Introducing a Strategic Experimentation Framework
When your testing program grows fast, chaos often follows. Teams celebrate win rates, dashboards fill with numbers, yet business leaders still ask: “Why aren’t we seeing this in the bottom line?”
Here’s how I built and implemented a framework at TomTom that finally connected experimentation to strategy, revenue, and trust.
Challenge
At TomTom, our experimentation program was thriving — hundreds of A/B tests, rising velocity, solid win rates.
But one question from leadership stopped us cold:
“We’re running more tests than ever, so why isn’t this moving our bottom line?”
That question exposed a gap between testing output and business outcomes.
We were optimizing micro-metrics (clicks, flows, button copy) but not tying them back to company OKRs.
And like many organizations, we faced classic pitfalls:
1. Win Rate Obsession: Celebrating small UX wins that didn’t shift revenue.
2. Velocity Illusion: Mistaking more tests for more impact.
3. Surface Metrics: Measuring clicks, not contribution to business growth.
4. Stakeholder Misalignment: Failing to communicate the “why” behind each test.
It was time to evolve experimentation from a set of tactics to a strategic decision-making system.
Results
Strategic alignment: 80% of experiments mapped to OKRs or KPI branches.
Maintained test velocity with stable 33% win rate.
Faster decision-making: leaders could instantly see test-to-business impact.
More strategic experimentation: from spaghetti testing to strategic testing impacting business resutls.
Cultural shift: experimentation evolved from proof of concept to proof of impact.
80%
of experiments are tied to KPI's
33%
win rate maintained
84%
Increase in time spent on website
Process
I designed and implemented TomTom’s Strategic Experimentation Framework, a system that connects every experiment to business outcomes using three foundational pillars.
Strategic Alignment: Connecting Tests to Company Goals
Introduced KPI Trees to visualize how every test linked to top-line metrics like MRR, activation, and retention.
Mapped each product team’s hypotheses to company OKRs, ensuring direct alignment with business priorities.
Used KPI Trees as a storytelling tool - not just analysis - so anyone could see how a test influenced revenue.
This resulted in teams able to asnwer the question: “Which business goal does this experiment move?”
Lean Experimentation Execution: Doing More with Less
At TomTom, colleagues could only dedicate 10–30% of their time to experimentation. We needed lean, high-leverag that help us move quickly.
Focused on high-impact tests (pricing, onboarding, paywalls) instead of small tweaks.
Built a lightweight experiment database where every test (win or fail) is fed back into collective learning.
Introduced Opportunity Solution Trees to prioritize ideas based on potential ROI.
Standardized experiment setup using templates and AI-supported automation for reporting and analysis.
With this, I maintained 33% win rate while scaling from 50 to 300 tests per year with no additional headcount.
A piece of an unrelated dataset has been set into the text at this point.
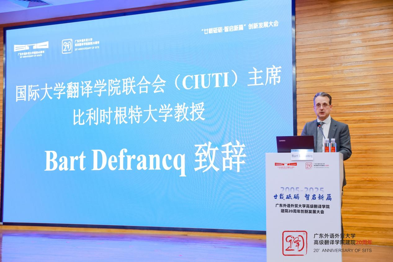 国际大学翻译学院联合会(CIUTI)主席、比利时根特大学教授Bart Defrancq发表致辞。他回望CIUTI与广外高翻学院自2011年结缘以来的合作历程,对学院取得的成就表示高度赞赏。他指出,在全球化和技术变革的双重背景下,国际翻译教育界更需携手共进,广外高翻学院在推动翻译与人工智能融合方面的探索“为全球翻译院校提供了宝贵借鉴”。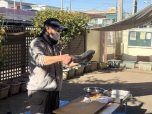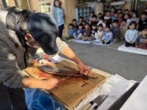 いつも保育園に美味しい魚を届けてくれている魚徳さん。

Stakeholder Buy-In: Turning Data into Decisions
The hardest part wasn’t running experiments — it was getting leadership to care about them. and to solve this:
Created strategic experiment reports that visualized impact across KPI Trees.
Held bi-weekly "Growth Demo's” sessions where results were framed around learnings and business goals.
Shared ROI projections, cumulative learnings, and OKR progress instead of isolated test wins.
This boosted executive buy-in. Experimentation became a trusted growth driver, and not just a marketing function.
Conclusion
This framework transformed TomTom’s experimentation culture.
By aligning tests with OKRs, visualizing impact through KPI Trees, and communicating value through lean, transparent reporting, we proved that experimentation is not about running tests, it’s about driving decisions.
We stopped throwing spaghetti at the wall. Now, every test has a purpose and every insight moves the business forward.